** Exercise brief **
Print, word for word, every line from the beginning of the listing up to and including the line with "Full Size Murphy". Pictures are to be excluded.

** Extracted entries **

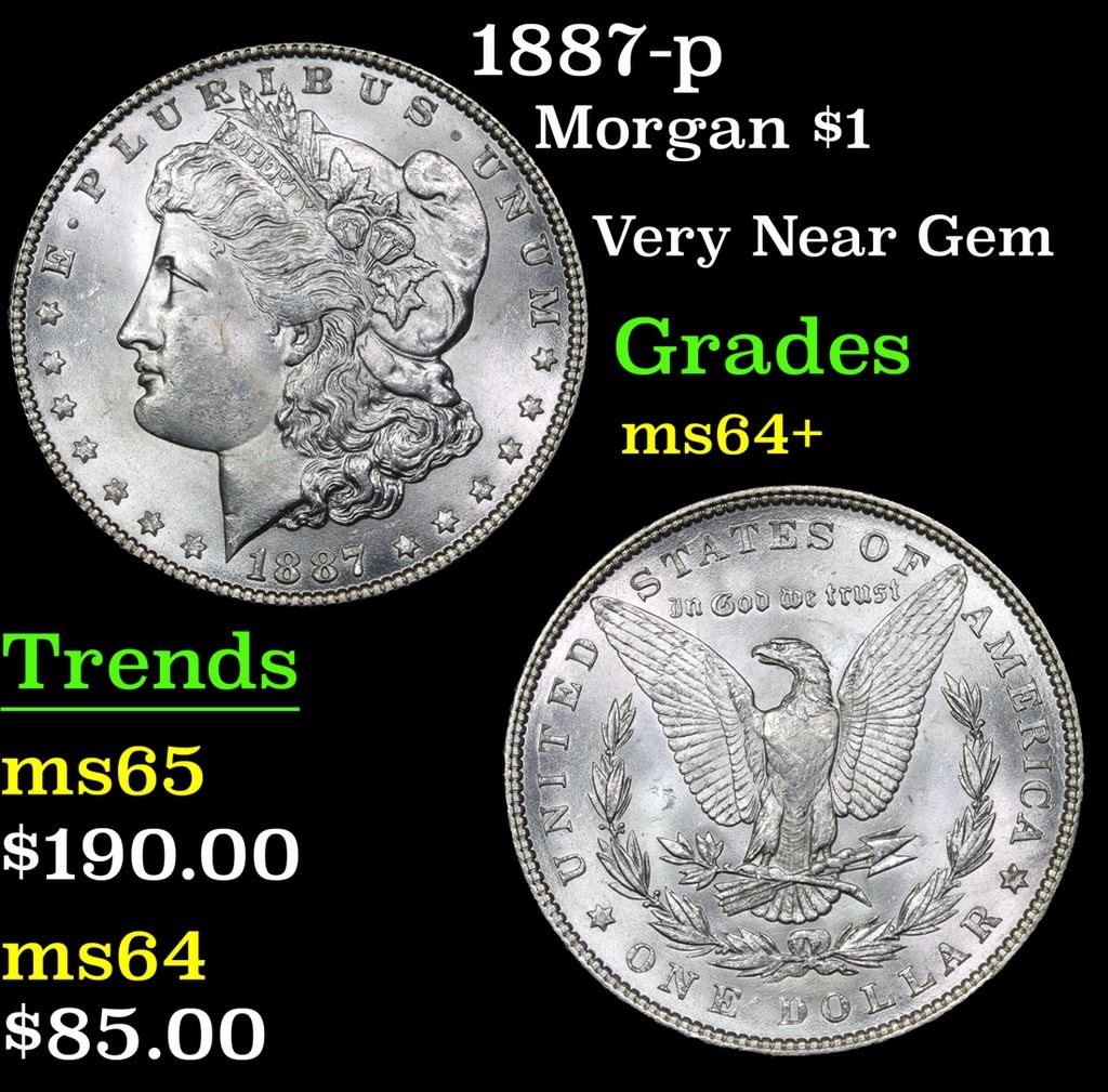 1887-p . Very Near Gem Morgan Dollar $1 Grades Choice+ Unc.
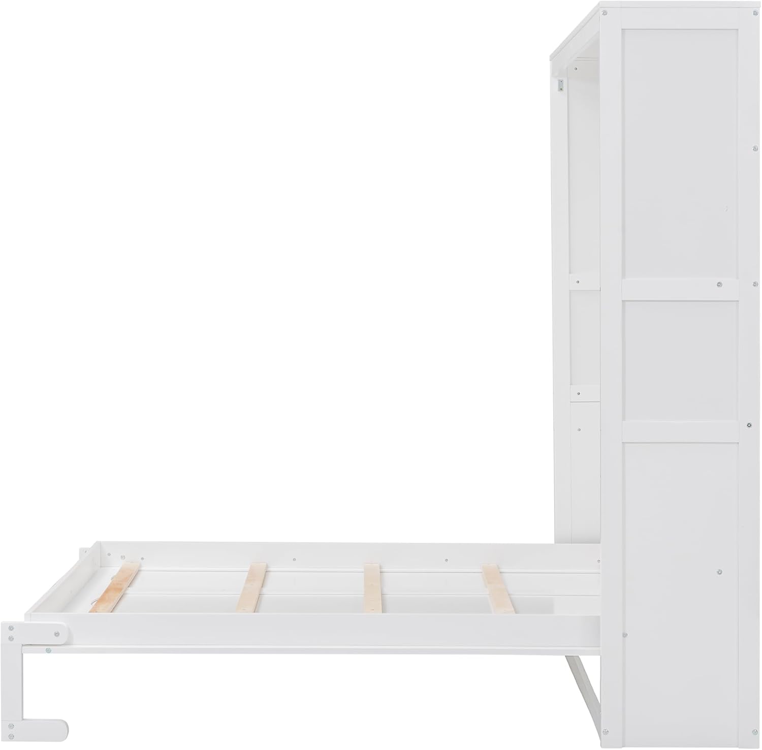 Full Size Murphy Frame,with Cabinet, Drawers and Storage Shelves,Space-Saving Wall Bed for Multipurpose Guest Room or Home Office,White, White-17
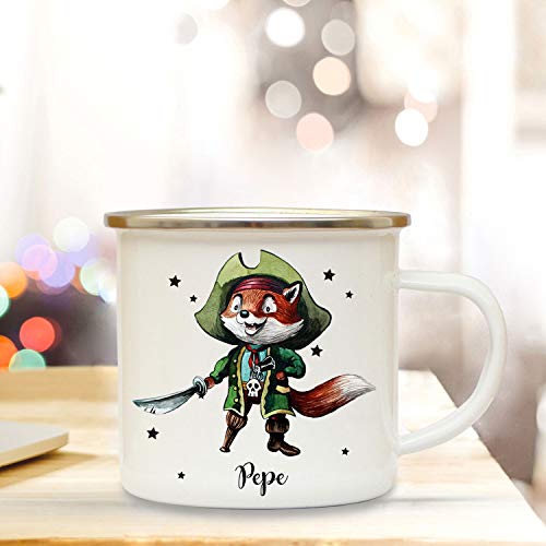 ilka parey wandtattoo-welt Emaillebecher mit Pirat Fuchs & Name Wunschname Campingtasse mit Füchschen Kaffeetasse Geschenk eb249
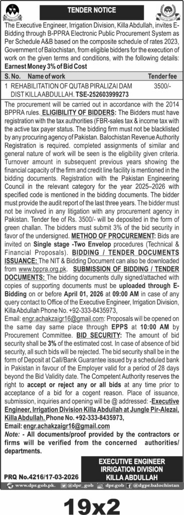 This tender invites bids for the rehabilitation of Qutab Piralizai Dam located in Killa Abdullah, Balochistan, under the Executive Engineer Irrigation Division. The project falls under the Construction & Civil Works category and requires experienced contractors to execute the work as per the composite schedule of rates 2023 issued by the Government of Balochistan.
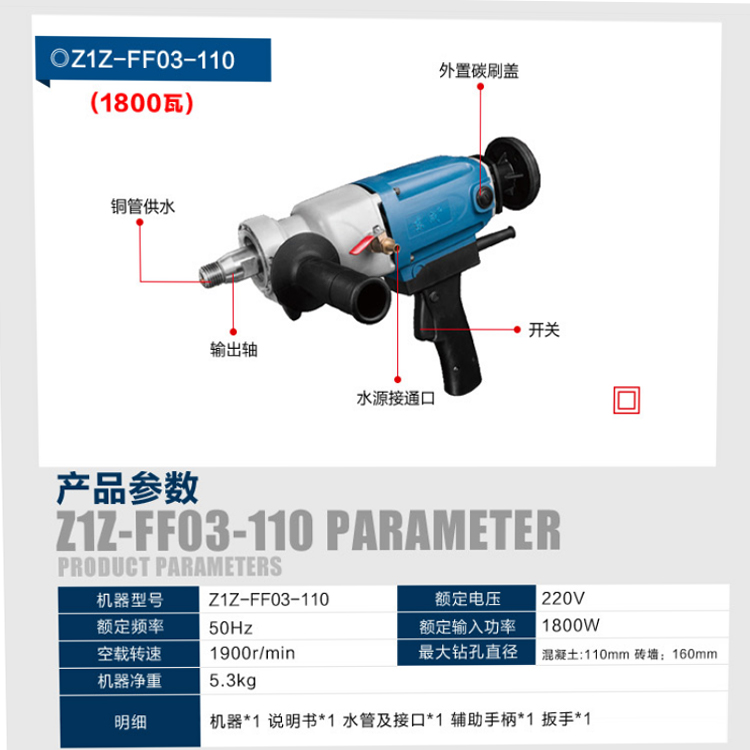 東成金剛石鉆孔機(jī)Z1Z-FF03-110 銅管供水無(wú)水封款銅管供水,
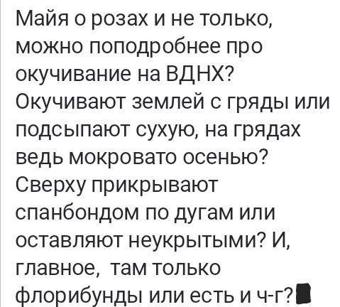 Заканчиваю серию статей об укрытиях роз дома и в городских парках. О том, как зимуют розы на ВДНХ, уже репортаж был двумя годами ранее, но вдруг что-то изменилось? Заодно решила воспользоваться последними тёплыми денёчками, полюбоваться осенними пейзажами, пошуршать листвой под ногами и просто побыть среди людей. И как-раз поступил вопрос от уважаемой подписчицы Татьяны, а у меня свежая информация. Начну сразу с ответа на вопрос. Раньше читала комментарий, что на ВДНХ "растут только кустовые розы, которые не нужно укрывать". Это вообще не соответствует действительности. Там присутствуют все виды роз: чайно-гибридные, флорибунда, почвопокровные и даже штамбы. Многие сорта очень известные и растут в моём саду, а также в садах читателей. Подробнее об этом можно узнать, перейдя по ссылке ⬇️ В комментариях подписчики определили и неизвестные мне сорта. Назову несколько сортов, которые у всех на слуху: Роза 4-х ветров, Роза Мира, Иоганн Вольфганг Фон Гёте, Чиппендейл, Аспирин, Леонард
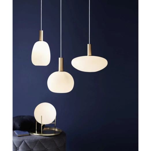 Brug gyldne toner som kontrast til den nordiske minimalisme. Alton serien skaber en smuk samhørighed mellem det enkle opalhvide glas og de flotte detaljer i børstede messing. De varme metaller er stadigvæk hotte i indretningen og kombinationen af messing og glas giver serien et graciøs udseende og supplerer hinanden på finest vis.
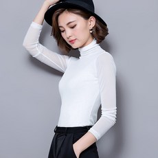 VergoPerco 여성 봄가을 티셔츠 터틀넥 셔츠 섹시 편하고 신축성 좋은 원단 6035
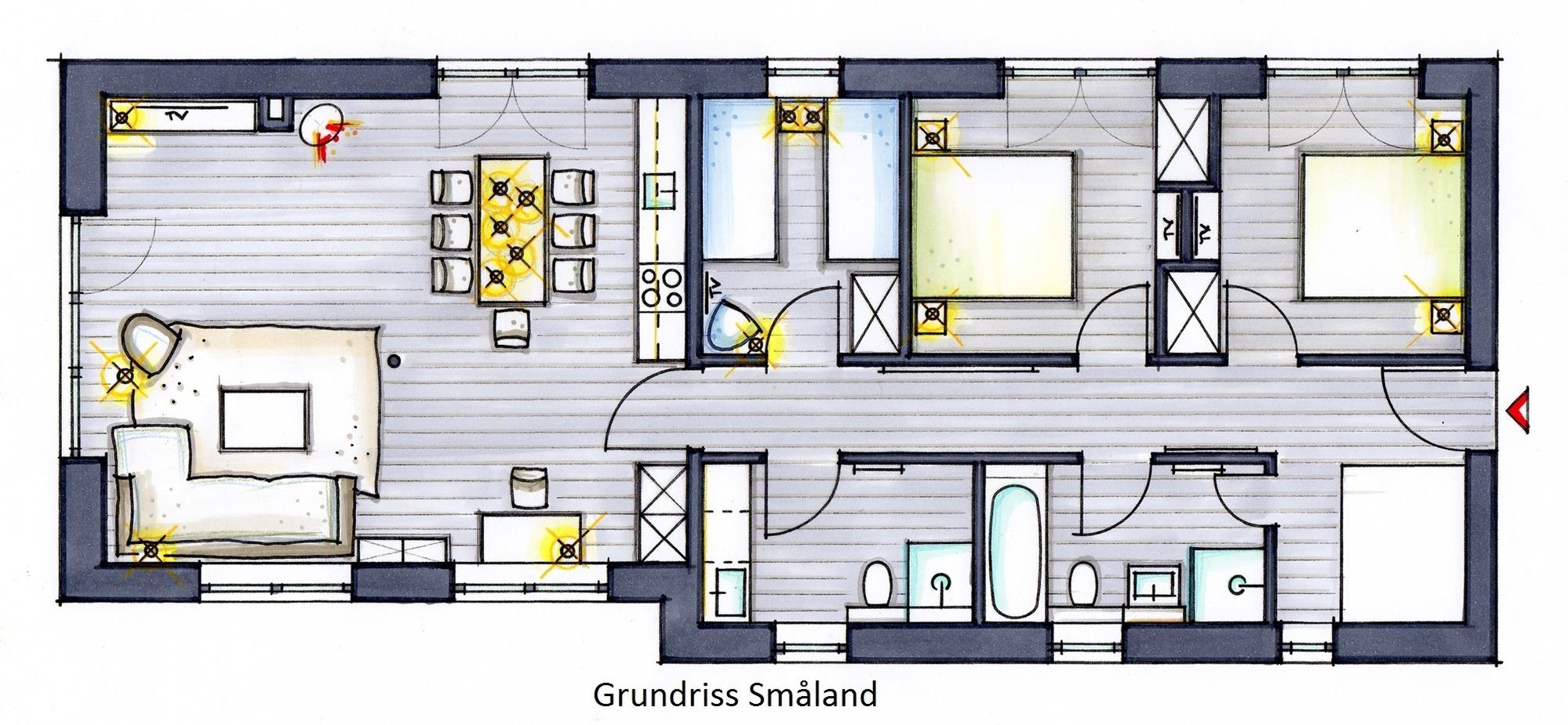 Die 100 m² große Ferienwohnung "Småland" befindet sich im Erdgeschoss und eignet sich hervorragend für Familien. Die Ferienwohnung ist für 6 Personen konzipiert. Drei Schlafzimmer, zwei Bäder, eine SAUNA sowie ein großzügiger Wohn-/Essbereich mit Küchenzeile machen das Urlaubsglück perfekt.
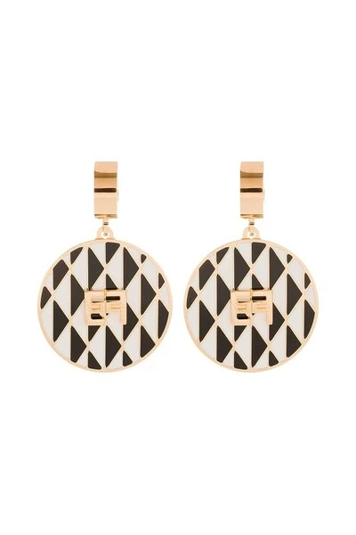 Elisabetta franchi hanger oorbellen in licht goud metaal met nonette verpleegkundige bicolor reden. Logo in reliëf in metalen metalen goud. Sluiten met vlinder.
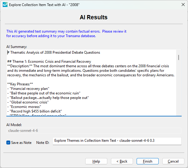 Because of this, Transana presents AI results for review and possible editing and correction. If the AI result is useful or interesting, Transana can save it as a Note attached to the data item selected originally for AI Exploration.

** Response to the task **
 1887-p . Very Near Gem Morgan Dollar $1 Grades Choice+ Unc.
 Full Size Murphy Frame,with Cabinet, Drawers and Storage Shelves,Space-Saving Wall Bed for Multipurpose Guest Room or Home Office,White, White-17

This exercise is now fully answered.